A flash of incandescent pink light erupted from Grady, silent and absolute. It wasn't a wave of force; it was a sphere of pure, unformed Aether, a pressure bubble of raw creation energy responding to a child's terminal anguish. The furniture in the room didn't shatter; it disintegrated at a molecular level. The windows didn't break; they vaporized.
Marcus Corals was thrown back against the far wall. There was no dramatic crash. There was the sound of a sack of wet grain hitting concrete. The rough, stone-like texture of his skin flickered and died, leaving behind soft, vulnerable flesh. He slid to the floor, his eyes wide with shock, a trickle of blood tracing a path from his temple. He did not move again.
The humming stopped. The light vanished.
Silence.
The only sound was the ragged gasp of his mother, scrambling away from the epicenter, her face a mask of primal terror—terror of him.

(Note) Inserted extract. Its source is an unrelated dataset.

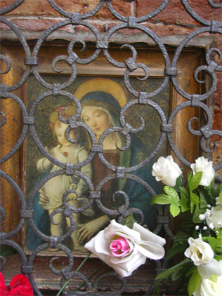 細い路地とは別に、ヴェネツィアを歩いているとしょっちゅう見かけるのが聖母マリアの壁画。
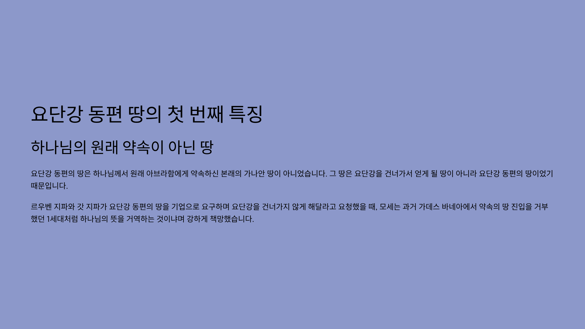 첫째, 요단강 동편의 땅은 하나님께서 원래 아브라함에게 약속하신 본래의 가나안 땅이 아니었다는 것이다(창 15:18). 왜냐하면 그 땅은 요단강을 건너가서 얻게 될 땅이 아니라 요단강 동편의 땅이었기 때문이다(민32:7,9). 이때 르우벤 지파와 갓 지파는 요단강 동편의 땅을 그들의 기업으로 요구했고 자기들은 요단강을 건너가지 않게 해 달라고 요청했다(민 32:5). 그러자 모세는 이들의 요구를 듣고, 과거 가데스 바네아에서 약속의 땅에 들어가기를 거부했던 1세대처럼 하나님의 뜻을 거역하는 것이냐며 강하게 책망을 하였다. 이는 이들의 선택이 하나님의 약속의 경계 밖으로 벗어나려는 위험한 시도였다는 사실을 보여주는 것이다.

Grady stood in the center of the room, his small fists clenched. The air around him shimmered with heat haze. The smell of ozone and something else, something ancient and electric, like the air after a thunderstorm, filled the void. He looked at his own hands. They were normal. But for a single, fleeting second, he had felt… infinite. Like a god who had forgotten his name.
Then, the feeling was gone, leaving a cavernous, icy emptiness behind.
He turned. Lily was still standing in the doorway, untouched by the energy that had annihilated everything else. She wasn't looking at their father. She was looking at Grady, her expression not of fear, but of a profound, heartbreaking understanding. She held out her small hand.
"Grady," she said, her voice clear and calm. "We have to go."
He didn't look back at his mother. He couldn't bear to see the fear in her eyes. He had become the monster to slay the monster, and there was no coming back from that.
He took his sister's hand.
At the age of ten, Grady Corals, a boy believed to be Sparkless, had awakened to a power that could unmake reality. And his first act with this divine gift was to commit a patricide.
He led his sister out of the broken house and into the cold, uncaring night. He didn't know what his Spark was. He didn't know its name was Aetherion Physiology: Raijin Genesis. He only knew two things with a certainty that would shape the rest of his life:
He had saved them.
And he was utterly, completely damned.